15, September 2016
US Democratic presidential candidate Hillary Clinton has returned to the campaign trail as polls show she is locked in a tight contest against Republican rival Donald Trump. Clinton took the stage in Greensboro, North Carolina, on Thursday, four days after she almost fainted during a ceremony marking the 15th anniversary of the 9/11 terrorist attacks in New York. Clinton described her being off of the campaign fray as a moment that reminded her why she’s running for the White House.
“I certainly feel lucky — when I am under the weather, I can afford to take a few days off. Millions of Americans can’t. They either go to work sick or they lose a paycheck,” she said. Clinton said her break from the campaign trail helped her to ponder and “reconnect with what this whole campaign is about.” “I have met so many people living on a razor’s edge, one illness away from losing their job, one paycheck away from losing their job,” she said. “That goes against everything we stand for as Americans, because some things should not come down to luck.”
The 68-year-old former First Lady was forced to abruptly leave a 9/11 memorial in New York on Sunday due to a medical episode, stirring speculations about her well-being. The candidate’s physician, Dr. Lisa Bardack, released a statement via the campaign and said she had pneumonia.
On Thursday, she acknowledged to the Greensboro, North Carolina, crowd that she was forced to stay at home following her pneumonia diagnosis. “As you may know, I recently had a cough that turned out to be pneumonia. I tried to power through it but even I had to admit that maybe a few days of rest would do me good,” she said.
Meanwhile, according to a new poll, Trump and Clinton are tied among likely voters in a four-way race for the White House. The CBS News/New York Times poll, released on Thursday, shows both Trump and Clinton have support of 42 percent. Libertarian presidential nominee Gary Johnson has 8 percent and Green Party candidate Jill Stein has 4 percent.
Among registered voters in that scenario, Clinton has a 2 points lead over Trump, 41 to 39 percent, with Johnson earning 22 percent and Stein only 5 percent. In a two-way race, Clinton also leads Trump among likely voters by 2 points, 46 to 44 percent. She has a 5-point lead over Trump among registered voters, 46 to 41 percent. The poll was conducted from September 9 to 13 among a national sample of 1,433 registered voters. The margin of error is 3 percentage points.

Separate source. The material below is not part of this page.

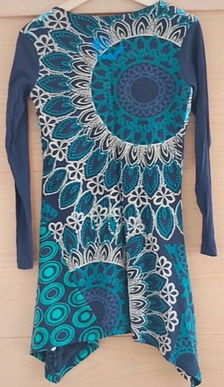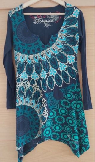 Precioso vestido del estilo Desigual. Es de estilo boho chic, con estampado floral y detalles en tonos teja y turquesa. - Diseño original y alegre. - Corte favorecedor. - Ideal para eventos especiales o para el día a día.Puedes hacer lote con más cosas de mi perfil para ahorrar en gastos de envío. Hago envíos wallapop, correos, GLS, inpost, Seur, UPS. Envíos rápidos.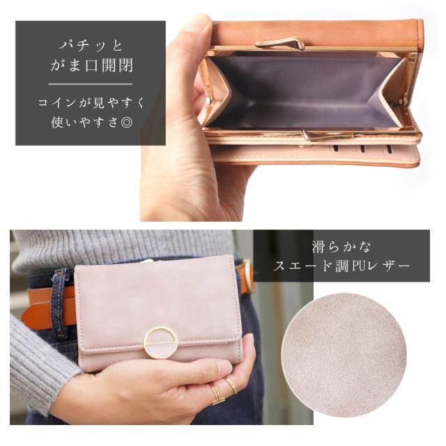 財布 レディース 小さめ コンパクト ブランド がま口 小さい ミニ財布 人気 三つ折り ミニ かわいい 三つ折り財布 さいふ 可愛い おしゃれ 使いやすい 大容量 黒 カード入れ コンパクト財布 ハーフ ラウンド モチーフ PUレザー がま口財布 シンプル 大人 カジュアル

Recent polls have shown that the race between Clinton and Trump is tightening at both the state and national levels before the November election. Clinton’s growing unpopularity follows renewed focus on her use of a private email server while she served as secretary of state, as well as alleged conflicts of interest over her connections to the Clinton Foundation fundraising. She is also facing criticism over the delayed release of her pneumonia diagnosis.